Texts came in: the bike needs a new front disc rotor. How much? Wow, $110, really? Well, hmm, I thought it was $20. No, that’s just one set of brakes. Called another shop. The answer was no, we don’t have any in. They’d have to order it and I would pay shipping. Called Clown Dog back. OK, go ahead. Alright, we’ll keep the price low. Another text says it’s ready. I retrace my steps. I pass a fraternity house and the boys are acting up, carrying on. One yells that it’s drinking time. The shop guys explain what they did. The rotor was a special order that was never picked up, so it was a freebie worth $50. I couldn’t believe it and asked several times if they were sure they were ok with that. Yes, no problem.

A couple bought an inner tube and the owner said they weren’t taking tips. People were having a hard time and they were there just to get people back on the road, he said. Blanche Dubois’s famous words from Streetcar came to mind, “Whoever you are — I’ve always always relied on the kindness of strangers.” I thanked him profusely and we chated a bit more. I made sure to ask what kind of wine he liked, thinking I would definitely be using some of the savings for some holiday cheer of the drinkable spoiled grape juice variety. (See 9 Tips Why You Should Buy Tip Beer for Your Bicycle Mechanic)

I completed the second part of my daily 36 minute, 1.5-mile walk. The grey skies were making me sleepy. Back at home, I realized I was very tired and fading fast. Maybe I ate something, and read some news, while I tried to psyche myself up for my daily ride. But I just couldn’t. No point in fighting the fatigue. I went to my twin mattress on the cold wooden floor and plopped down. Soon I was out for a tasty afternoon nap. It’s not like I had to be at work or anywhere else.

Waking, somewhat refreshed, I got my bib shorts, new to me Giro bike shoes with the orange laces, and other accoutrements on. Finally out the door around 5 pm, I headed east into the greying evening. At least it was in the 60’s, I thought. But not half a mile from home sprinkles started falling. I turned around and retrieved my rain pants and put on my shoe covers and jacket. Satisfied I would survive whatever light rain might fall, I continued on my way. Like the Terminator in the movies scanning for Sarah Conner, I searched my mental database for places to go. A route began to form in my mind, east toward the YMCA and the Southern Walnut Creek Trail.

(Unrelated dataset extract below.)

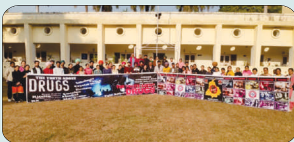
ਮਿਤੀ 29 ਦਸੰਬਰ 2023 ਨੂੰ 'ਨਸ਼ੇ ਨੂੰ ਨਾਂਹ ਜੀਵਨ ਨੂੰ ਹਾਂ' ਜਾਗਰੂਕਤਾ ਰੈਲੀ ਕਢਦੇ ਹੋਏ ਵਿਦਿਆਰਥੀ

The rest of the ride went uneventfully. I stamped out the miles on the pedals, not at a high speed, but it was a bit like being on auto-pilot. Stopping for a snack. Avoiding potholes, glass, cars and pedestrians. Passing through downtown, looking at the people brave or dumb enough to be out going to restaurants. Not really having to think about where I was going except to make my usual rectangular or boxy map in the Strava fitness app. As a part of my surroundings and simultaneously detached, I was always moving forward.

Eventually I arrived home. Another 20 miles in the books. Adding pictures and words to my activity. Giving thumbs up to others. Put on layers and turning on the space heater, I did my daily yoga. Made dinner — pork chops, quinoa and pinto beans with salsa and yogurt on corn cakes. Needed something green, I know. Read some fellow bloggers on WordPress Reader. Rootchopper made it his third year in a row achieving 10,000 miles. Wow, that’s impressive! I congratulated him but also noted for myself as much as the two other commenters that comparisons aren’t really useful. We all just do our best and whatever mileage that turns out to be is great for us.

Sat down to write this blog. THE END.